| REQUIREMENT |
Your reply should restate the lines from the top of the entries through the line containing "9-ти литровые банки" word for word, with no pictures.

(Records from a dataset)
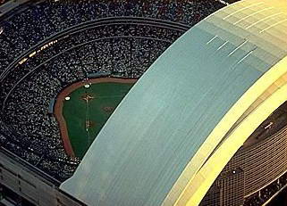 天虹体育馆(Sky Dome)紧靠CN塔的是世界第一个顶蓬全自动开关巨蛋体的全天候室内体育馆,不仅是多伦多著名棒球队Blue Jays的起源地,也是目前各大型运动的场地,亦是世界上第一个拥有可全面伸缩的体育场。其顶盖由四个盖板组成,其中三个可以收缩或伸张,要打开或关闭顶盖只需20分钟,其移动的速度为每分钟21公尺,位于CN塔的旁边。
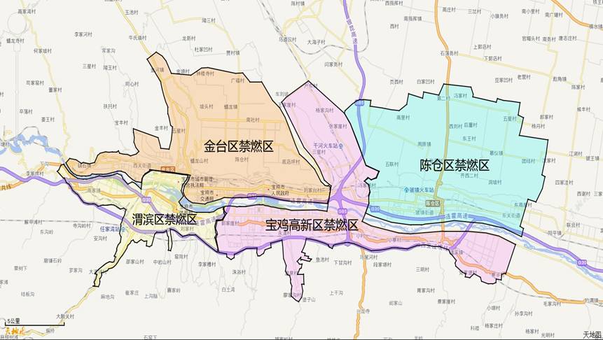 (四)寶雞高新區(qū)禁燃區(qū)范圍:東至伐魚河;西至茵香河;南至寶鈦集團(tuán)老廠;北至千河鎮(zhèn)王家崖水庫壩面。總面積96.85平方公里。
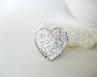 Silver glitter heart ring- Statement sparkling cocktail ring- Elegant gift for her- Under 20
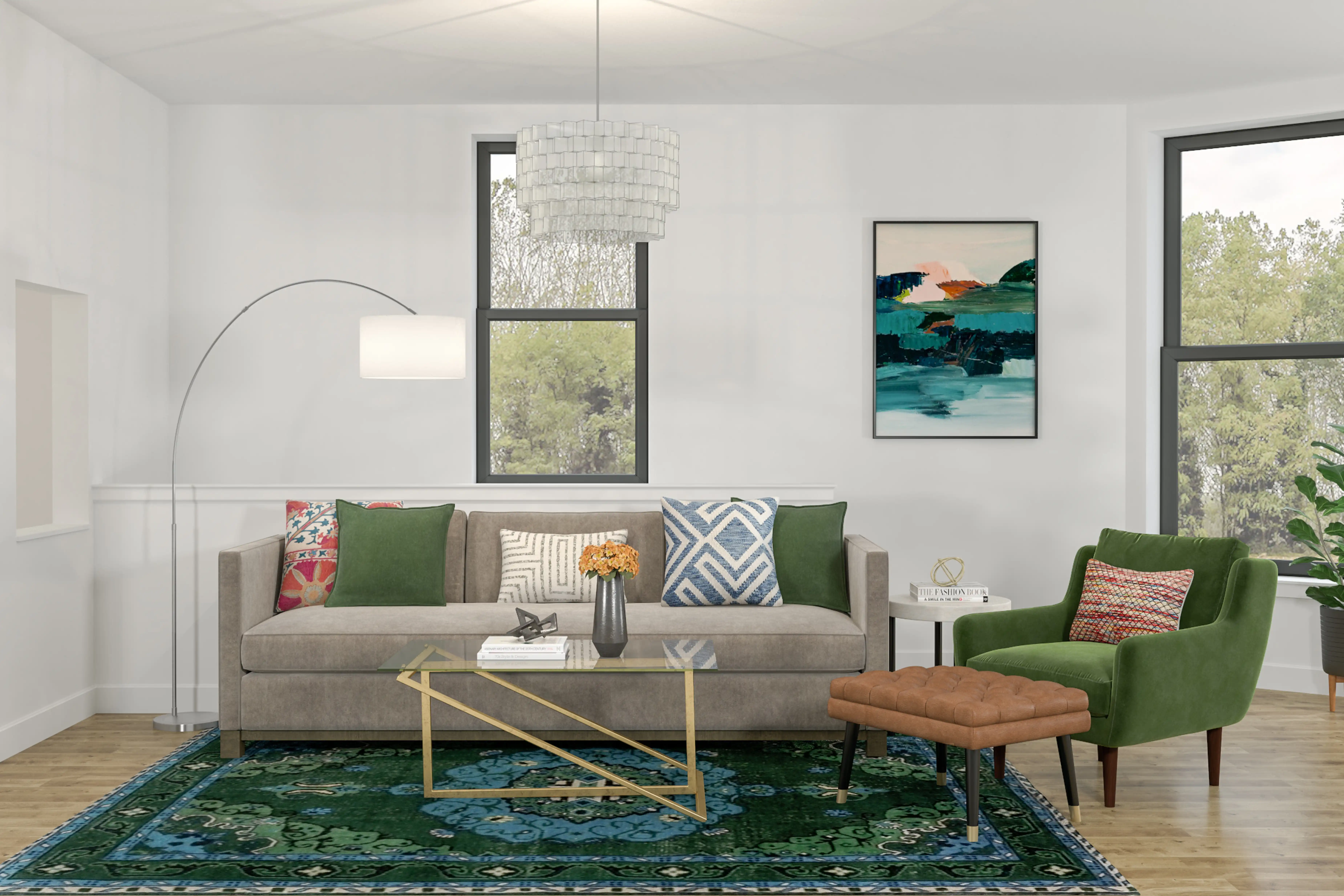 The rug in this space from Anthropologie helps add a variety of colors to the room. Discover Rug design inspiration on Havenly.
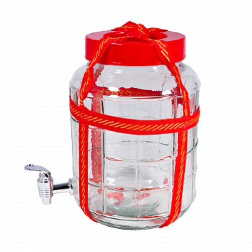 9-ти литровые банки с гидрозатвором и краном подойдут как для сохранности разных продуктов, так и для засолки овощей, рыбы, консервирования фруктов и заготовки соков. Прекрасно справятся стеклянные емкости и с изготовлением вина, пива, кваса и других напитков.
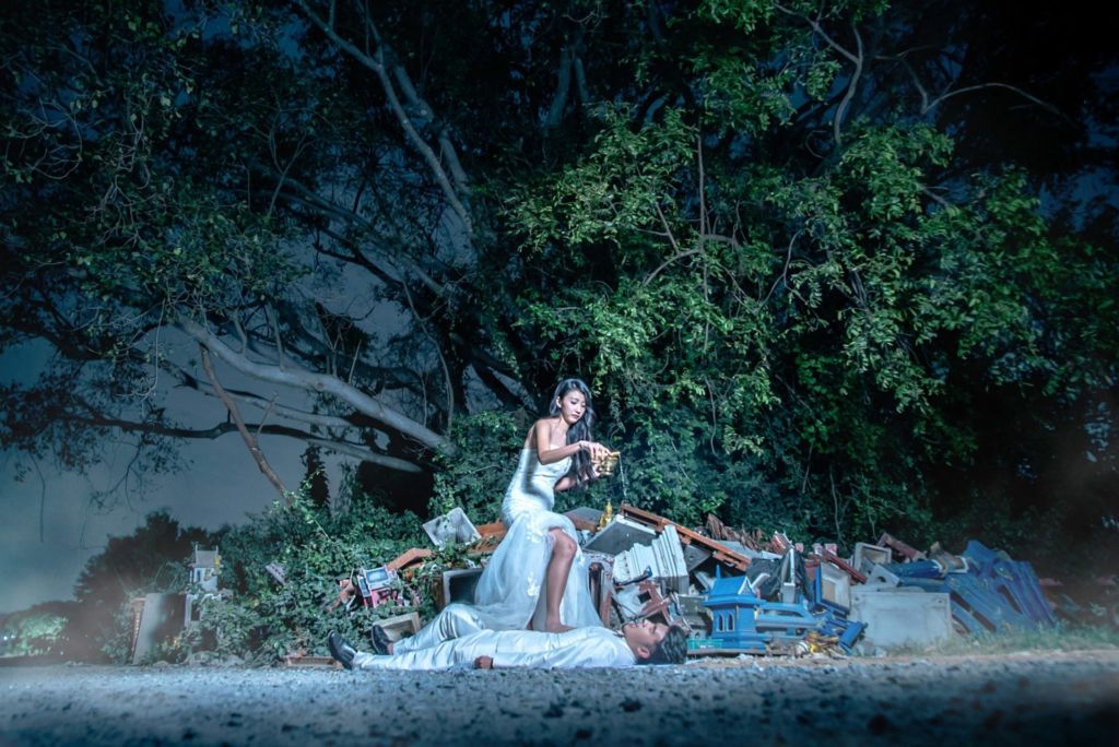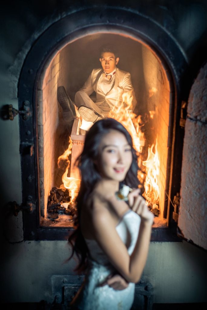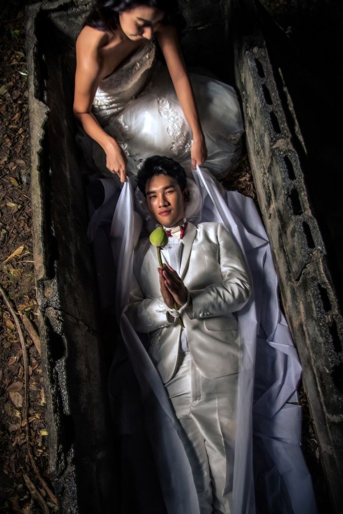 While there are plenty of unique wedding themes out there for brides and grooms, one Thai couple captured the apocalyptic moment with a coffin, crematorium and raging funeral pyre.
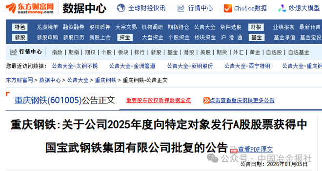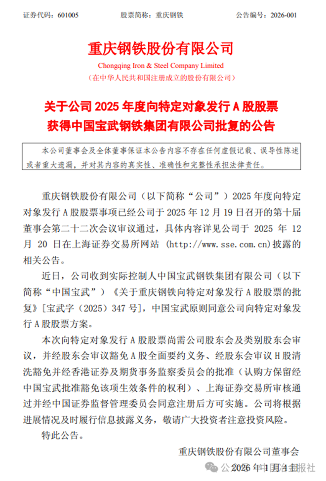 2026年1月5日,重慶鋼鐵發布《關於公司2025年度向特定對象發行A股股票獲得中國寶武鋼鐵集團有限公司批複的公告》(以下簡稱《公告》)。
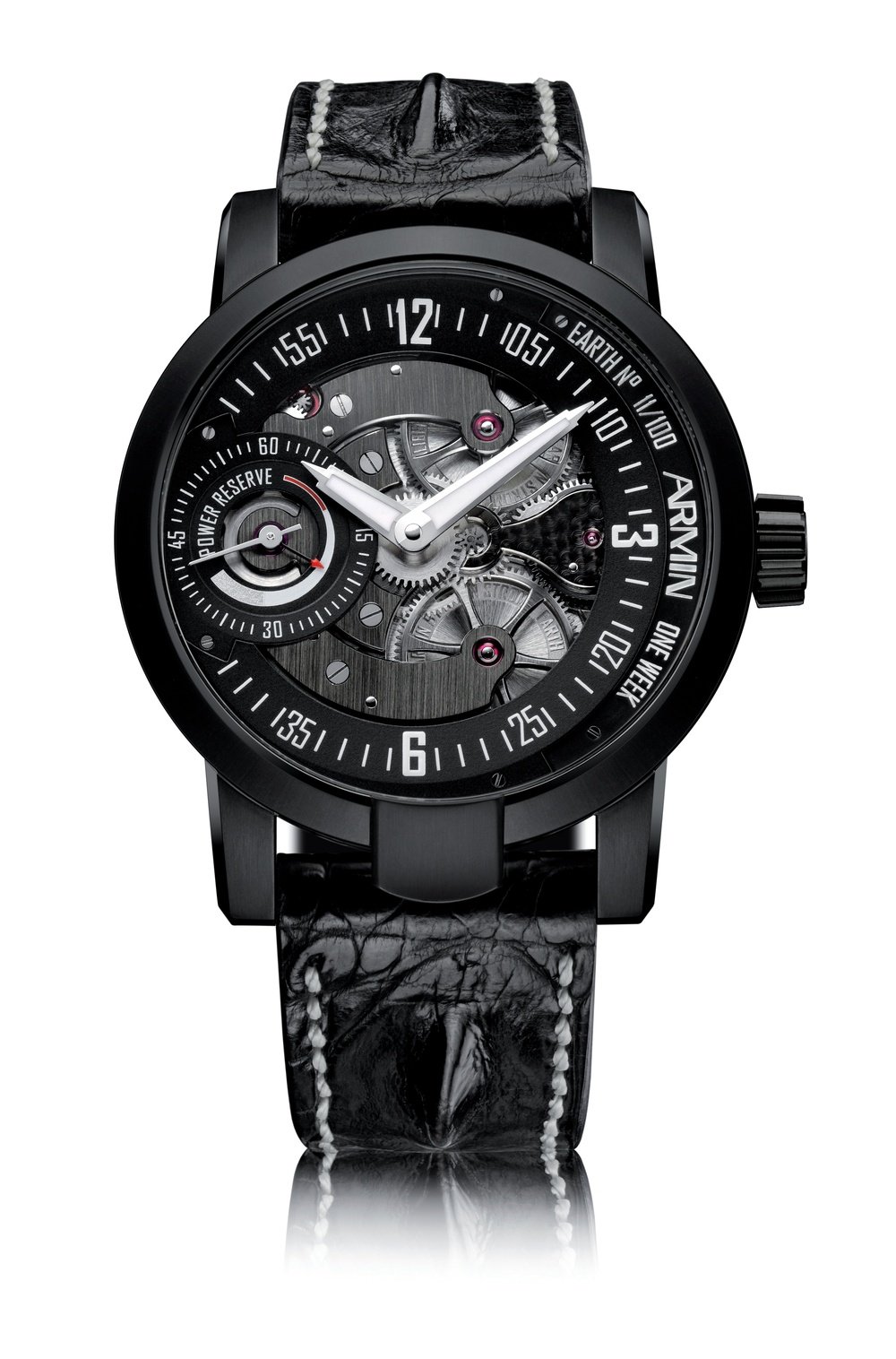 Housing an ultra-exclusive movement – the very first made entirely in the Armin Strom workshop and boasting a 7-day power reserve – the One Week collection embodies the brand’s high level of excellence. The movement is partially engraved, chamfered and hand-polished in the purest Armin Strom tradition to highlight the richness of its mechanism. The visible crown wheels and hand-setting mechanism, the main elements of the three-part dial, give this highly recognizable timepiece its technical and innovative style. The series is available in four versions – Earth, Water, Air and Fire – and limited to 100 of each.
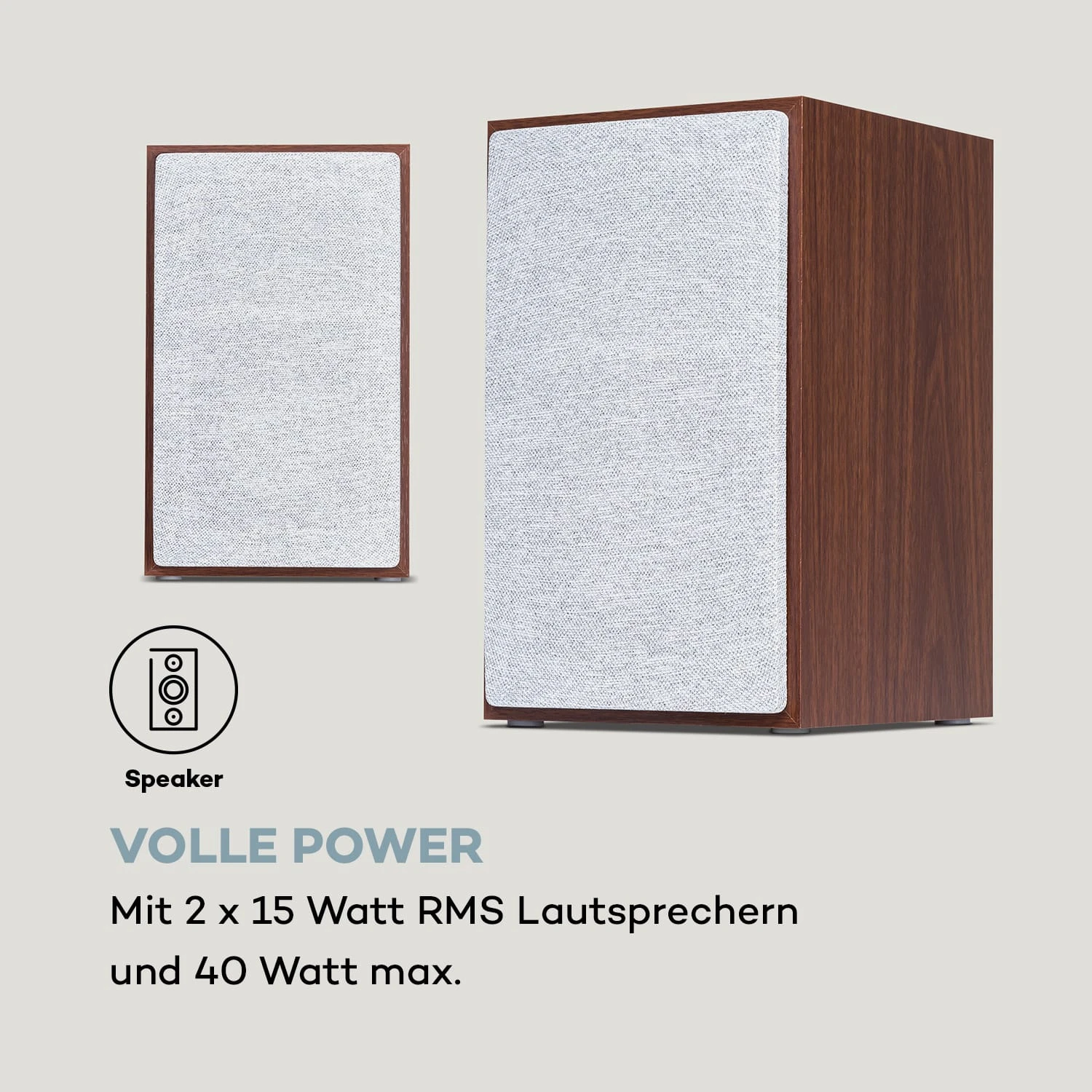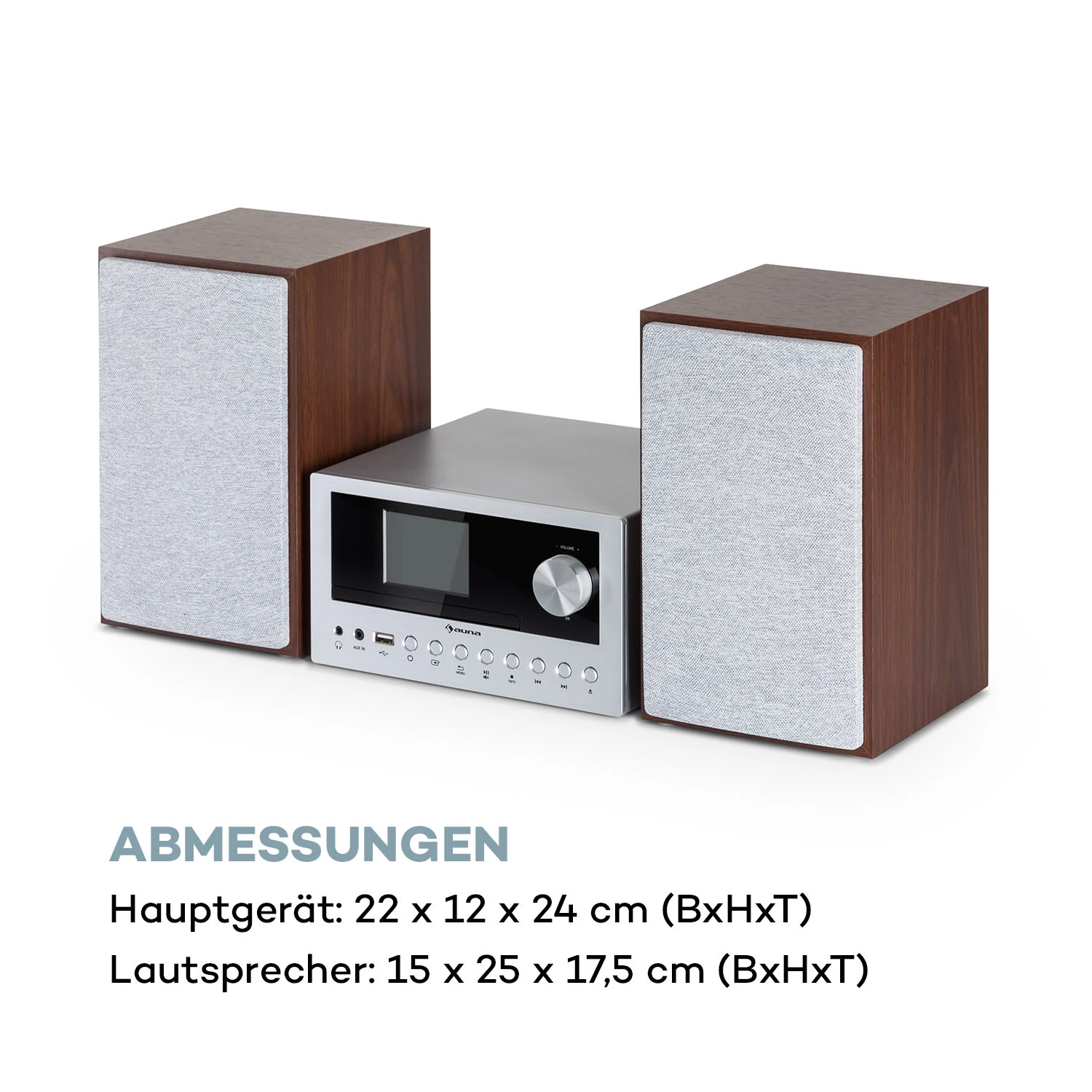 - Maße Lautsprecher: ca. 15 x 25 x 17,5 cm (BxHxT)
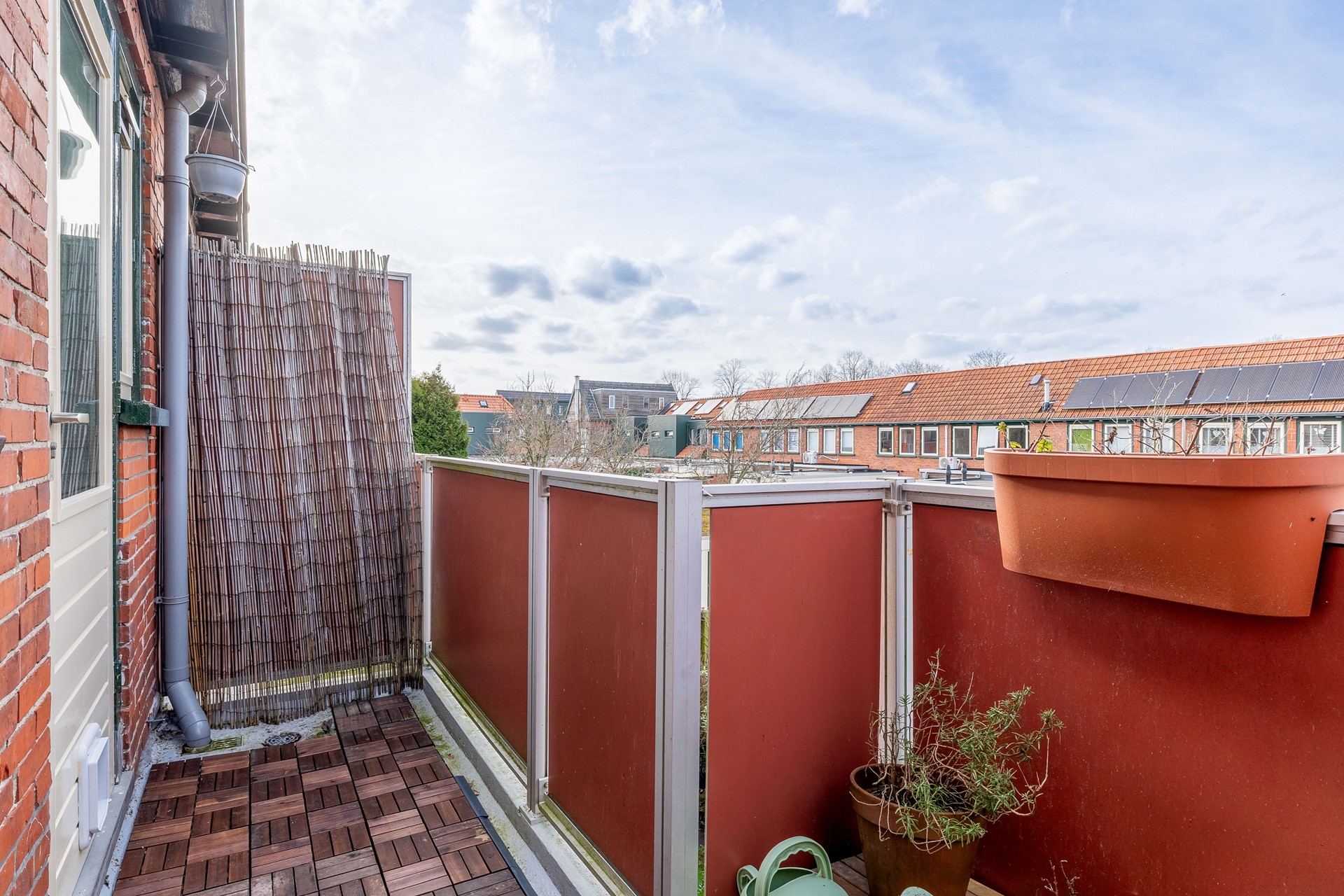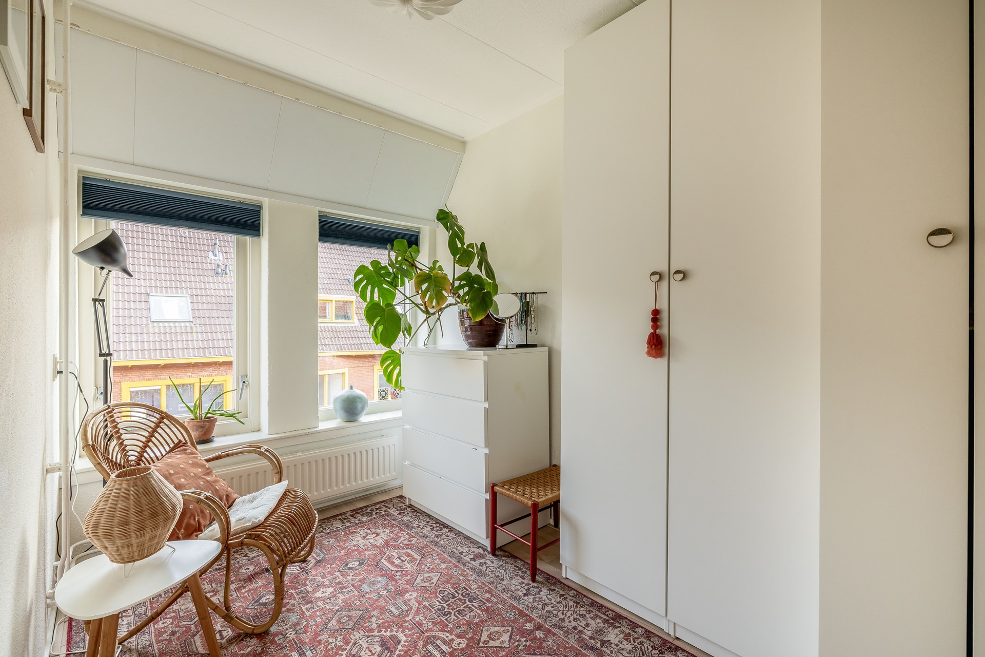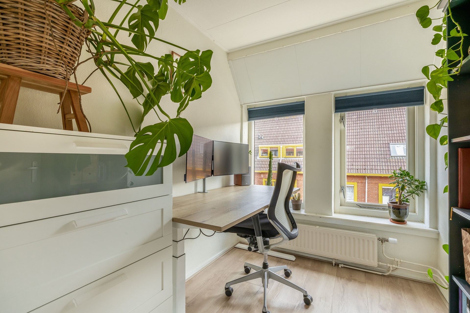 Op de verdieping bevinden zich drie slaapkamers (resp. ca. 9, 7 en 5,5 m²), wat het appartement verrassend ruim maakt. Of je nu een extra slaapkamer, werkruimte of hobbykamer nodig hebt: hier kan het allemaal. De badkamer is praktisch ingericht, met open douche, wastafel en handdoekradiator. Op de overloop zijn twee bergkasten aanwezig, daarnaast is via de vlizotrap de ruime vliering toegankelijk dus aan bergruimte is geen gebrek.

| ANSWER FOR THIS EXERCISE |
 天虹体育馆(Sky Dome)紧靠CN塔的是世界第一个顶蓬全自动开关巨蛋体的全天候室内体育馆,不仅是多伦多著名棒球队Blue Jays的起源地,也是目前各大型运动的场地,亦是世界上第一个拥有可全面伸缩的体育场。其顶盖由四个盖板组成,其中三个可以收缩或伸张,要打开或关闭顶盖只需20分钟,其移动的速度为每分钟21公尺,位于CN塔的旁边。
 (四)寶雞高新區(qū)禁燃區(qū)范圍:東至伐魚河;西至茵香河;南至寶鈦集團(tuán)老廠;北至千河鎮(zhèn)王家崖水庫壩面。總面積96.85平方公里。
 Silver glitter heart ring- Statement sparkling cocktail ring- Elegant gift for her- Under 20
 The rug in this space from Anthropologie helps add a variety of colors to the room. Discover Rug design inspiration on Havenly.
 9-ти литровые банки с гидрозатвором и краном подойдут как для сохранности разных продуктов, так и для засолки овощей, рыбы, консервирования фруктов и заготовки соков. Прекрасно справятся стеклянные емкости и с изготовлением вина, пива, кваса и других напитков.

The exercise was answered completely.